*** Provided information Section Begins ***
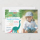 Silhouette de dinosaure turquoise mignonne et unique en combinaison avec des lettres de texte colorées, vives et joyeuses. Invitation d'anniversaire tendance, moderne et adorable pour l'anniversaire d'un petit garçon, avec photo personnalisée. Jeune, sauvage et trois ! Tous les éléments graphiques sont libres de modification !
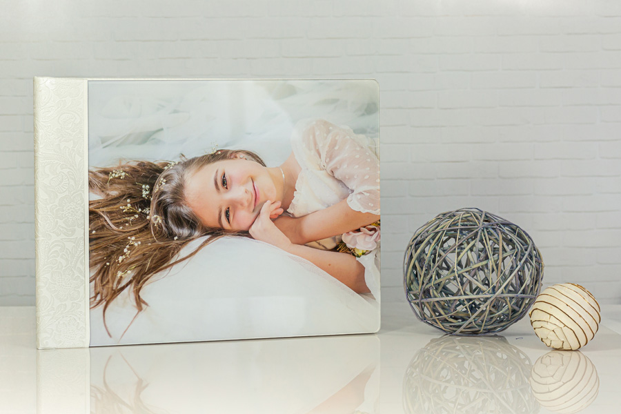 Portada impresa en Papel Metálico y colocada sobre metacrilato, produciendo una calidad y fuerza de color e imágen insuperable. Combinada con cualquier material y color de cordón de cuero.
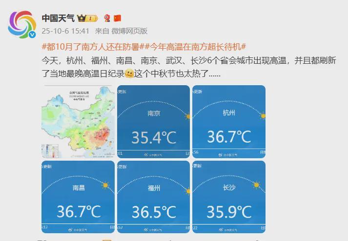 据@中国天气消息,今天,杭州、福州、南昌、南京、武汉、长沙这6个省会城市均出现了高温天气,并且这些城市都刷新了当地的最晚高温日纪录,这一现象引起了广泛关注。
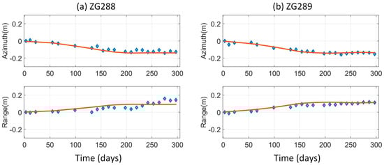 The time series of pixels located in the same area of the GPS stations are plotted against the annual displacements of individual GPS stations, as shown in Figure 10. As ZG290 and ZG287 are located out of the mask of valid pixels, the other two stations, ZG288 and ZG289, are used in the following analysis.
*** Provided information Section Ends ***
*** Provided information Section Begins ***
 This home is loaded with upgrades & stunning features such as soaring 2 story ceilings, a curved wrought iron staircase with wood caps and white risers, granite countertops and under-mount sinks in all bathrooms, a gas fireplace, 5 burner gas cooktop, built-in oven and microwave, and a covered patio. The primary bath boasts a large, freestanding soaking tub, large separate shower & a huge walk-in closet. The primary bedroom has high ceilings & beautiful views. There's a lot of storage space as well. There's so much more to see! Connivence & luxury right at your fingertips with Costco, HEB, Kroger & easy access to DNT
*** Provided information Section Ends ***
## Task instructions
For this exercise, please set down exactly the lines of the listing above from the line with "Portada impresa en" up to and including the line with "据@中国天气消息,今天,杭州", and no pictures.

## Exercise output
 Portada impresa en Papel Metálico y colocada sobre metacrilato, produciendo una calidad y fuerza de color e imágen insuperable. Combinada con cualquier material y color de cordón de cuero.
 据@中国天气消息,今天,杭州、福州、南昌、南京、武汉、长沙这6个省会城市均出现了高温天气,并且这些城市都刷新了当地的最晚高温日纪录,这一现象引起了广泛关注。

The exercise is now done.